Not really. If an NTP client gets 1/10th of the updates that it wants, it will still keep reasonably good time.

nickysielicki · on Dec 24, 2016

Keeping a table of clients and their last-updated time is probably more expensive than just sending them a response.

dom0 · on Dec 24, 2016

Randomly dropping a percentage of requests is stateless.

foepys · on Dec 24, 2016

But what happens if you are the client whose requests are dropped all the time because you are unlucky?

tedunangst · on Dec 24, 2016

Then I guess you'll have to use somebody else's free server.

zymhan · on Dec 24, 2016

Is the NTP synchronization done with only a single packet? Because otherwise you'll be interrupting connections constantly.

gpderetta · on Dec 24, 2016

It is UDP, so it is connectionless.

zymhan · on Dec 27, 2016

UDP is a Transport Layer protocol. NTP is an Application Layer protocol.

gpderetta · on Dec 27, 2016

Fair enough, UDP doesn't imply that the application protocol is connection-less, but AFAIK NTP is.

detaro · on Dec 24, 2016

Do NTP clients not retry immediately/very quickly if a request gets lost?

vacri · on Dec 24, 2016

It's more that your device's clocks don't skew that rapidly, unless something is really wrong.

detaro · on Dec 25, 2016

But dropping requests to reduce traffic load is counter-productive if failed requests are quickly retried.

mitchty · on Dec 24, 2016

Retry yes, immediately/very quickly no. Ntp is designed to handle network issues transparently.

foota · on Dec 24, 2016

This was one of the issues wth netgears client, it retried every second until it worked.

mitchty · on Dec 25, 2016

Incorrect clients aside, it should at worst be another 64 seconds (from memory so I might be wrong) before a client retries a poll.

kalleboo · on Dec 25, 2016

> The university still gets considerable traffic

It'd be interested in seeing if there's been any update since 2003.

E.g., is it really "considerable traffic" by 2016 standards?

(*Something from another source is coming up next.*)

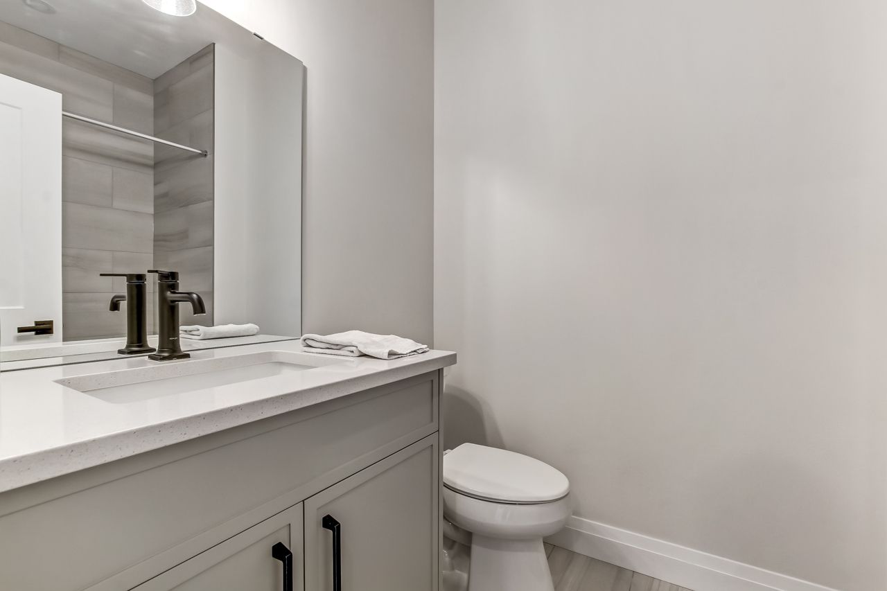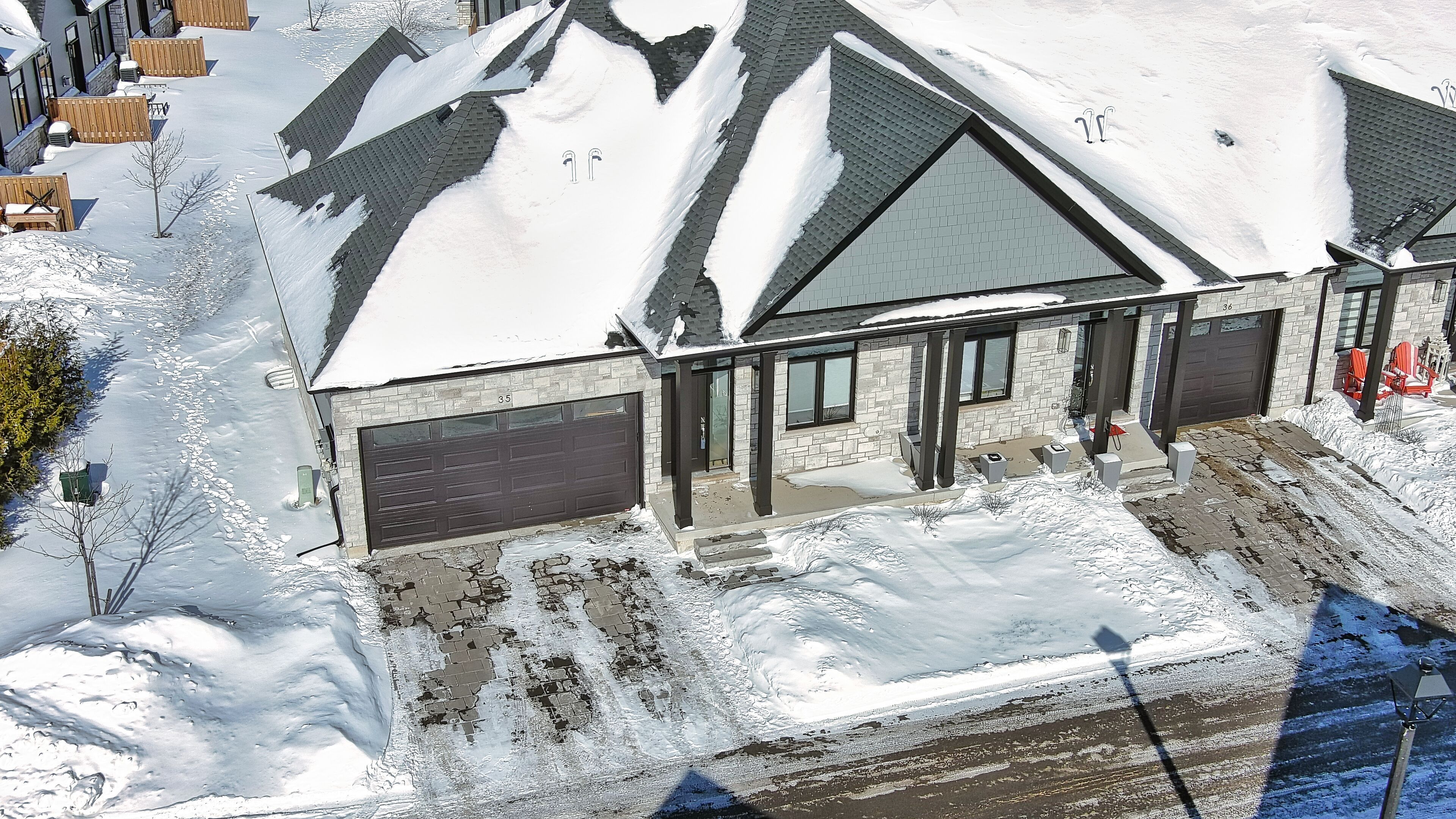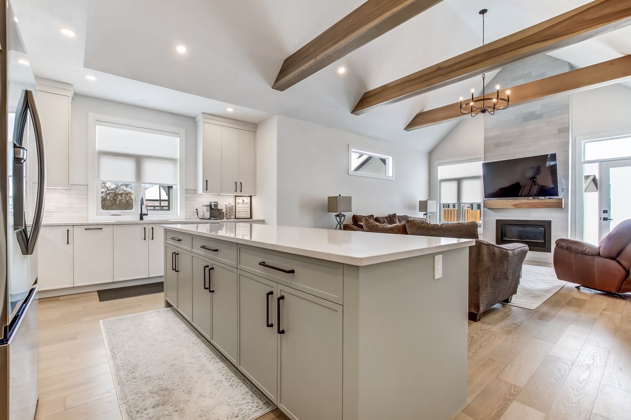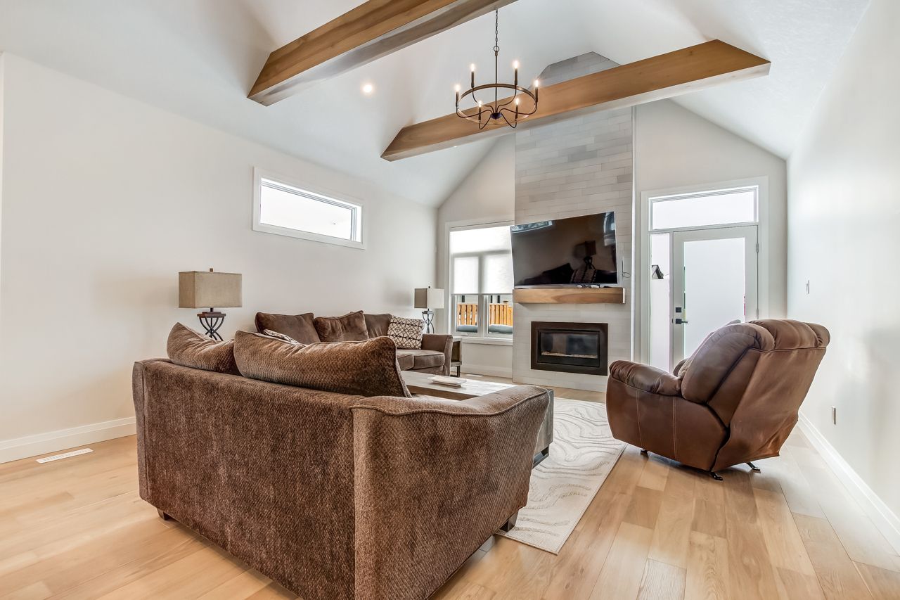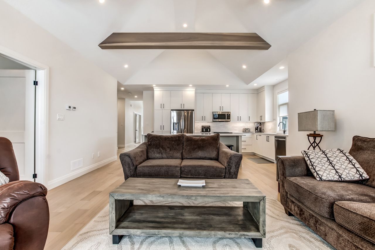 Welcome to 63 compass trail, unit 35, a newly completed condo development where you can move in immediately without the hassle or delays of construction. This sought-after location offers walking distance to the beach, downtown amenities, parks, and paved walking paths, making everyday living both convenient and enjoyable. A welcoming foyer sets the tone as you enter the home. Just off the entrance is a bright first bedroom or home office, highlighted by a large south-facing window. Continuing down the hallway, you'll find a 4-piece bathroom and direct access to the attached double-car garage. The heart of the home is a showstopper - an open-concept living space with vaulted ceilings and exposed beams, creating a bright and airy atmosphere. The oversized kitchen island with breakfast bar anchors the space and is ideal for hosting family and friends. The kitchen is finished with floor-to-ceiling cabinetry, quartz countertops, and ample prep and storage space. The adjoining living room includes a gas fireplace and opens to the back patio with a gas bbq hookup, extending your living space outdoors. The primary bedroom is conveniently located on the main floor, complete with a walk-in closet and a 4-piece ensuite bathroom. A main-floor laundry room adds everyday convenience, making this home especially appealing for those seeking main-floor living. The finished basement offers additional living space, including a third bedroom, 2-piece bathroom, and a recreation room perfect for relaxing or entertaining. There is also ample storage in the utility room, with the potential to create a fourth bedroom if desired. Step outside to enjoy your personal patio space, ideal for unwinding or entertaining. Residents of this well-maintained condo complex also enjoy access to an outdoor swimming pool and ample visitor parking. A bright, modern home in a fantastic location-move-in ready and waiting for you.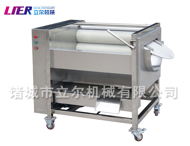 當原料放入該機后,毛刷輥旋轉刷洗原料并使其不斷翻轉,同時,排水管不斷地噴淋,把從原料上刷洗下來的污物沖洗掉,直到洗凈為止,順著毛輥的旋轉方向出料。

The original flood in 2003 was 150 MBps - I don't think I'd notice if I got a flood of 150 MBps on my home connection.

How many of those devices are still around 13 years later?

preinheimer · on Dec 24, 2016

I believe an "agreement was forged", no public details, but I might assume some money changed hands.

DanBC · on Dec 24, 2016

$350,000.

https://en.wikipedia.org/wiki/NTP_server_misuse_and_abuse#NE...

> NETGEAR has donated $375,000 to the University of Wisconsin–Madison's Division of Information Technology for their help in identifying the flaw.

Although that appears to be uncited.

duaneb · on Dec 24, 2016

Wow, I never realized operators couldn't push fixes to their routers without permission. The internet is indeed a tragedy of the commons: trivial to ruin, but a Sisyphean task to fix.

njharman · on Dec 24, 2016

Most admins would consider having network infrastructure's firmware change outside of their control a bug/misfeature. Not to mention most devices would require reboot to apply change.

And to be able to remotely change the code running a HUGE security issue.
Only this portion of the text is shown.